To parse expressions, we need a more powerful tool: a Context-Free Grammar (CFG). A formal grammar is a set of rules that specifies which strings of tokens are valid in a language. We use a notation called Backus-Naur Form (BNF) to write down these rules.

A CFG consists of a set of rules called productions. A rule produces a sequence of symbols. Symbols come in two varieties:

Terminals: These are the endpoints of the grammar. In our parser, the terminals are the exact tokens we get from the scanner (like NUMBER, STRING, or FALSE). They are "terminal" because they do not expand into anything else.
Non-terminals: These are named references to other rules in the grammar. They mean "evaluate that rule and insert whatever it produces here."

A Grammar for Snek Expressions

Using BNF, here is a grammar that describes all of the expressions we eventually want to support in Snek:

expression → primary
           | unary
           | binary ;

primary    → NUMBER | STRING | "true" | "false" | "nil" 
           | "(" expression ")" ;

unary      → ( "-" | "!" ) expression ;
binary     → expression operator expression ;
operator   → "==" | "!=" | "<" | "<=" | ">" | ">="
           | "+"  | "-"  | "*" | "/" ;

How to read this notation:

The Arrow (→): Means "can be expanded into".
Quoted strings ("true", "("): Represent exact, literal lexemes. The parser must find exactly these characters.
Capitalized words (NUMBER, STRING): Represent single terminal tokens where the exact lexeme can vary (e.g., 123 and 45.67 are both NUMBERs).
Lowercase words (expression, unary): Represent non-terminals (references to other grammar rules).
The Pipe (|): Means "or". It separates different valid choices for the rule.

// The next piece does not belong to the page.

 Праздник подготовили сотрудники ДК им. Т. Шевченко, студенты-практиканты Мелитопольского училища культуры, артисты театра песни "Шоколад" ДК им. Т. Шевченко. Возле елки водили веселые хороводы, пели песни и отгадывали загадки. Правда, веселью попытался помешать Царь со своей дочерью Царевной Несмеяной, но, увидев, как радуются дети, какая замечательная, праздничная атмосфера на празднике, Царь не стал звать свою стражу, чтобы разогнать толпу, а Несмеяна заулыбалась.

Technical Note: Ambiguity in Grammars

This grammar is a good starting point, but it has a serious problem: it is ambiguous. For an expression like 5 - 3 * 1, this grammar allows two different valid syntax trees: (5 - 3) * 1 or 5 - (3 * 1). It doesn't understand operator precedence (that * should happen before -).

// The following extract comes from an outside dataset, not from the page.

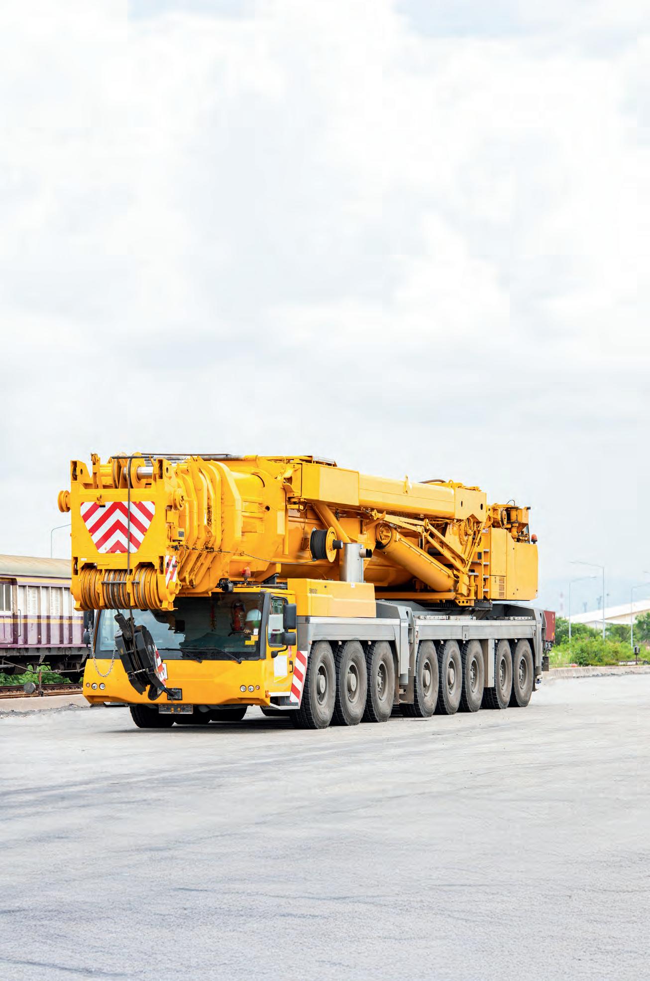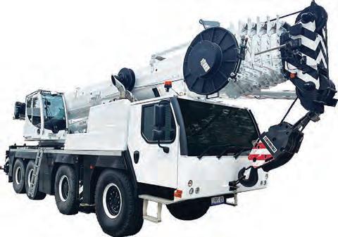 ACCORDING TO GROVE, THE MEGATRAK® suspension system is the optimum driveline available on the market today. It’s revolutionary design features an independent hydropneumatic system with hydraulic lockout acting on all wheels. The suspension can be raised 170 millimetres or lowered 130 millimetres both longitudinally and transversely and features an automatic leveling system for on-highway travel.

For now, this is okay. In this chapter, we will only implement the primary rule. In the next chapter, we will replace this ambiguous grammar with a more sophisticated one that precisely encodes operator precedence and associativity.

2. Representing the AST

Because our grammar rules refer to each other recursively, the data structure we use to represent parsed code in memory must be a tree. We call this an Abstract Syntax Tree (AST).

Imagine the expression 1 + (2 * 3). As an AST, it looks like this:

      Binary (+)
      /        \
Literal (1)   Grouping ()
                  |
             Binary (*)
             /        \
       Literal (2)  Literal (3)

Each rule in our grammar will become a node class in our tree. Let us create a file named expr.py to hold our AST node definitions.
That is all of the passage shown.